See `example` for understanding how bunruija is easy to use.

## Features
- **Minimum requirements of coding**: bunruija enables users to train and evaluate their models through command lines. Because all experimental settings are stored in a yaml file, users do not have to write codes.
- **Easy to compare neural-based model with non-neural-based model**: because bunruija supports models based on scikit-learn and PyTorch in the same framework, users can easily compare classification accuracies and prediction times of neural- and non-neural-based models.
- **Easy to reproduce the training of a model**: because all hyperparameters of a model are stored in a yaml file, it is easy to reproduce the model.

## Install
```
pip install bunruija
```

## Example configs
Example of `sklearn.svm.SVC`

```yaml
data:
label_column: category
text_column: title
args:
path: data/jsonl

output_dir: models/svm-model

pipeline:
- type: sklearn.feature_extraction.text.TfidfVectorizer
args:
tokenizer:
type: bunruija.tokenizers.mecab_tokenizer.MeCabTokenizer
args:
lemmatize: true
exclude_pos:
- 助詞
- 助動詞
max_features: 10000
min_df: 3
ngram_range:
- 1
- 3
- type: sklearn.svm.SVC
args:
verbose: false
C: 10.
```

Example of BERT

```yaml
data:
label_column: category
text_column: title
args:
path: data/jsonl

output_dir: models/transformer-model

pipeline:
- type: bunruija.feature_extraction.sequence.SequenceVectorizer
args:
tokenizer:
type: transformers.AutoTokenizer
args:
pretrained_model_name_or_path: cl-tohoku/bert-base-japanese
- type: bunruija.classifiers.transformer.TransformerClassifier
args:
device: cpu
pretrained_model_name_or_path: cl-tohoku/bert-base-japanese
optimizer:
type: torch.optim.AdamW
args:
lr: 3e-5
weight_decay: 0.01
betas:
- 0.9
- 0.999
max_epochs: 3
```

## CLI
```sh
# Training a classifier
bunruija-train -y config.yaml

# Evaluating the trained classifier
bunruija-evaluate -y config.yaml
```

## Config
### data
You can set data-related settings in `data`.

```yaml
data:
label_column: category
text_column: title
args:
# Use local data in `data/jsonl`. In this path is assumed to contain data files such as train.jsonl, validation.jsonl and test.jsonl
path: data/jsonl

# If you want to use data on Hugging Face Hub, use the following args instead.
# Data is from https://huggingface.co/datasets/shunk031/livedoor-news-corpus
# path: shunk031/livedoor-news-corpus
# random_state: 0
# shuffle: true

```

data is loaded via [datasets.load_dataset](https://huggingface.co/docs/datasets/main/en/package_reference/loading_methods#datasets.load_dataset).
So, you can load local data as well as data on [Hugging Face Hub](https://huggingface.co/datasets).
When loading data, `args` are passed to `load_dataset`.

`label_column` and `text_column` are field names of label and text.

Format of `csv`:

```csv
category,sentence
sports,I like sports!

```

Format of `json`:

```json
[{"category", "sports", "text": "I like sports!"}]
```

Format of `jsonl`:

```json
{"category", "sports", "text": "I like suports!"}
```

### pipeline
You can set pipeline of your model in `pipeline` section.
It is a list of components that are used in your model.

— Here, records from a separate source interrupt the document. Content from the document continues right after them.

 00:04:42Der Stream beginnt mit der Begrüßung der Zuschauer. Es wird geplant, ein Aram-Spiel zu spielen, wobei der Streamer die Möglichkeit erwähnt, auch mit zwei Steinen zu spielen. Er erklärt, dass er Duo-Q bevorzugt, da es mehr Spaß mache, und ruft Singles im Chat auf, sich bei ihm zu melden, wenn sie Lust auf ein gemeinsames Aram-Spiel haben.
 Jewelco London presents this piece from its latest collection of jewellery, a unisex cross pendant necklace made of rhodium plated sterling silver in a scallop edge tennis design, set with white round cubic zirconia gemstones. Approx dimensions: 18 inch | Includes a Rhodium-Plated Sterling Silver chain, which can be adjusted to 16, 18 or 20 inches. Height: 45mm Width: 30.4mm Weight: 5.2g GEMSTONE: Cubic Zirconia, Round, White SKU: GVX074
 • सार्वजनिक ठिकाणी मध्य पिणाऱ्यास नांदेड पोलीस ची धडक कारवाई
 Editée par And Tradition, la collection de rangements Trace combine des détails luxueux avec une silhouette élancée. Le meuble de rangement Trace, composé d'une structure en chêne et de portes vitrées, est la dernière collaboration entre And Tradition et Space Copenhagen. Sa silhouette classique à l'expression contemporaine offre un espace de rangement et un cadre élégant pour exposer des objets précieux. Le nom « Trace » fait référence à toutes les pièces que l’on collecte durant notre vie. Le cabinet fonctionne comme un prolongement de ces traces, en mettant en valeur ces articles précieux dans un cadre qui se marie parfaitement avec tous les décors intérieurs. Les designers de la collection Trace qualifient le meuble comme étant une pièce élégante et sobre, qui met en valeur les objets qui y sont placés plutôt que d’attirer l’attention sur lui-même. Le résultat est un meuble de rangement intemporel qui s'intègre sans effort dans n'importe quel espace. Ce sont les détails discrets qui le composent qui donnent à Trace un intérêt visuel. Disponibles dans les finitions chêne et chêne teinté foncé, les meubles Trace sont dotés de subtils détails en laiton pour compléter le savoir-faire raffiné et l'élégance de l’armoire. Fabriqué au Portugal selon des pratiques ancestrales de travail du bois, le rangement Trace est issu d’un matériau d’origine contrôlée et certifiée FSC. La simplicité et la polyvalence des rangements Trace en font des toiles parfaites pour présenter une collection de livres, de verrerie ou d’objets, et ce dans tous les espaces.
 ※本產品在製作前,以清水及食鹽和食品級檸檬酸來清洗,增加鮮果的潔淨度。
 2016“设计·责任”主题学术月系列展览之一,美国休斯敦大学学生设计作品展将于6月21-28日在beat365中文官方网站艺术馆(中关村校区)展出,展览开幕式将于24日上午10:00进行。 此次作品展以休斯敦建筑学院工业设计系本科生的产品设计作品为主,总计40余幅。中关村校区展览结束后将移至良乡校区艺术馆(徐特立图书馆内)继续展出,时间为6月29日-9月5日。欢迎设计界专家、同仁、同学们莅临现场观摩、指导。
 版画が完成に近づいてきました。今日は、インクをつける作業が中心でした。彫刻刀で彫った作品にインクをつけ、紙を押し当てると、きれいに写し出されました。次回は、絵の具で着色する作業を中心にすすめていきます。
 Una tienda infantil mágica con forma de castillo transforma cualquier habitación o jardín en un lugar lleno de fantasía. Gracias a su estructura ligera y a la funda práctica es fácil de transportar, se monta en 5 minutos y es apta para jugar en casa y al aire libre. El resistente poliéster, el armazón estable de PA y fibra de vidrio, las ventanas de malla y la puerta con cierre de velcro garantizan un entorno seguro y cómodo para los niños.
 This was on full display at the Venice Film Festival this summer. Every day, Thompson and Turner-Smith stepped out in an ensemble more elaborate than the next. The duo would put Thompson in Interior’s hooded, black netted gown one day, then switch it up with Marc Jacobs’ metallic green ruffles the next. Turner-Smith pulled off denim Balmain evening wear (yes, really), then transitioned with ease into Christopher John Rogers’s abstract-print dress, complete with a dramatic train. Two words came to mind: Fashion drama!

For each component, `type` is a module path and `args` is arguments for the module.
For instance, when you set the first component as follows, [TfidfVectorizer](https://scikit-learn.org/stable/modules/generated/sklearn.feature_extraction.text.TfidfVectorizer.html) is instanciated with given arguments, and then applied to data at first in your model.

```yaml
- type: sklearn.feature_extraction.text.TfidfVectorizer
args:
tokenizer:
type: bunruija.tokenizers.mecab_tokenizer.MeCabTokenizer
args:
lemmatize: true
exclude_pos:
- 助詞
- 助動詞
max_features: 10000
min_df: 3
ngram_range:
- 1
- 3
```

## Prediction using the trained classifier in Python code
After you trained a classification model, you can use that model for prediction as follows:
```python
from bunruija import Predictor

predictor = Predictor.from_pretrained("output_dir")
while True:
text = input("Input:")
label: list[str] = predictor([text], return_label_type="str")
print(label[0])
```

`output_dir` is a directory that is specified in `output_dir` in config.